Structural-Spectral Graph Convolution with Evidential Edge Learning for Hyperspectral Image Clustering

TL;DR

This paper tackles unsupervised clustering of large-scale hyperspectral images by operating on superpixel graphs and addressing two core challenges: insufficient spectral feature extraction by conventional GNNs and the presence of incorrect edges in the superpixel topology. It introduces a structural-spectral graph convolutional operator (SSGCO) to co-extract spatial and high-order spectral features, and an evidence-guided adaptive edge learning (EGAEL) module to refine the superpixel graph with learned and empirical edge weights, all within a BYOL-style contrastive clustering framework that combines neighborhood alignment and prototype contrast. The approach achieves consistent improvements across four benchmark datasets, with substantial gains in ACC and other clustering metrics, and is supported by extensive ablation and hyperparameter analyses. The proposed method offers scalable, effective clustering for large HSIs and provides practical guidance for edge refinement and spectral-spatial representation learning, though it acknowledges limitations in capturing intra-superpixel 2D structure and points to future work along those lines.

Abstract

Hyperspectral image (HSI) clustering groups pixels into clusters without labeled data, which is an important yet challenging task. For large-scale HSIs, most methods rely on superpixel segmentation and perform superpixel-level clustering based on graph neural networks (GNNs). However, existing GNNs cannot fully exploit the spectral information of the input HSI, and the inaccurate superpixel topological graph may lead to the confusion of different class semantics during information aggregation. To address these challenges, we first propose a structural-spectral graph convolutional operator (SSGCO) tailored for graph-structured HSI superpixels to improve their representation quality through the co-extraction of spatial and spectral features. Second, we propose an evidence-guided adaptive edge learning (EGAEL) module that adaptively predicts and refines edge weights in the superpixel topological graph. We integrate the proposed method into a contrastive learning framework to achieve clustering, where representation learning and clustering are simultaneously conducted. Experiments demonstrate that the proposed method improves clustering accuracy by 2.61%, 6.06%, 4.96% and 3.15% over the best compared methods on four HSI datasets. Our code is available at https://github.com/jhqi/SSGCO-EGAEL.

Figures (7)

• Figure 1: Motivation of the proposed method: (a) clustering accuracy of different superpixel feature representation networks on Pavia University dataset, (b) the impact of deleting incorrect edges on Pavia University dataset.
• Figure 2: The diagram of the proposed method: (a) the contrastive clustering framework consists of an online network $f(\cdot)$ and a target network $f'(\cdot)$, which take superpixels and augmented views as inputs. Neighborhood alignment (NA) and prototype contrast (PC) are adopted as training objectives; (b) Structural-spectral graph convolutional operator (SSGCO) sequentially performs 1D convolution (1D-Conv) and graph convolution in each layer to extract both spatial and spectral features of superpixels; (c) In evidence guided adaptive edge learning (EGAEL), each edge is represented by concatenating the soft assignments of its two endpoint nodes, and input into an MLP to get the predicted edge weight $w^{pre}$. The empirical edge weight $w^{emp}$ computed with node clustering confidence and similarity is adopted as guidance.

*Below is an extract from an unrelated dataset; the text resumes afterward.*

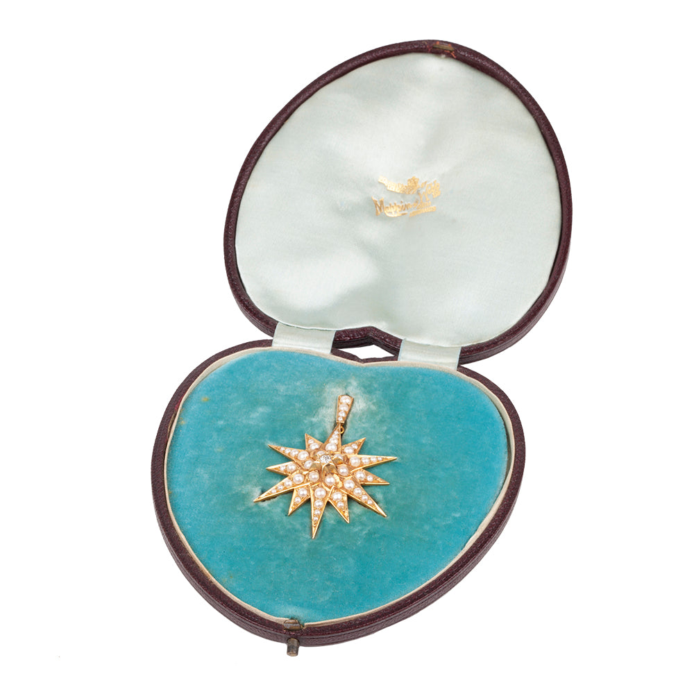 Victorian Era pearl and diamond star burst pendant, in gold. With a center round old mine cut diamond. Come with the original fitted 'Mappin & Webb' heart-shaped case. English in origin. Circa 1880.
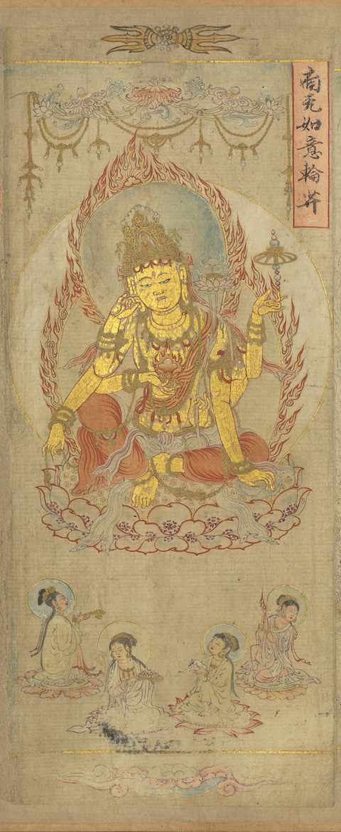 宋朝黄休复《益州名画录》,唐朝辛澄“普贤阁下五如来同坐一莲花,及邻壁小佛九身;阁里内如意轮菩萨,并澄之笔,见存”。五如来同坐一莲花,与《梵像卷》百零八开“南无秘密五普贤”的形象接近。

The adjacency matrix is momentum updated based on $w^{pre}$.
• Figure 3: Clustering maps on Indian Pines: (a) ground truth, (b) K-means, (c) SSC, (d) NCSC, (e) SGLSC, (f) DGAE, (g) EGRC, (h) S$^3$-ULDA, (i) S$^2$DL, (j) SDST, (k) SPGCC, (l) SAPC, (m) Ours.
• Figure 4: The influence of different numbers of superpixels ($M$) and different numbers of network layers ($L$) on: (a) Indian Pines, (b) Pavia University, (c) Botswana and (d) Trento.
• Figure 5: The influence of different weights of $\mathcal{L}_{PC}$ ($\alpha$) and different weights of $\mathcal{L}_{E}$ ($\beta$) on: (a) Indian Pines, (b) Pavia University, (c) Botswana and (d) Trento.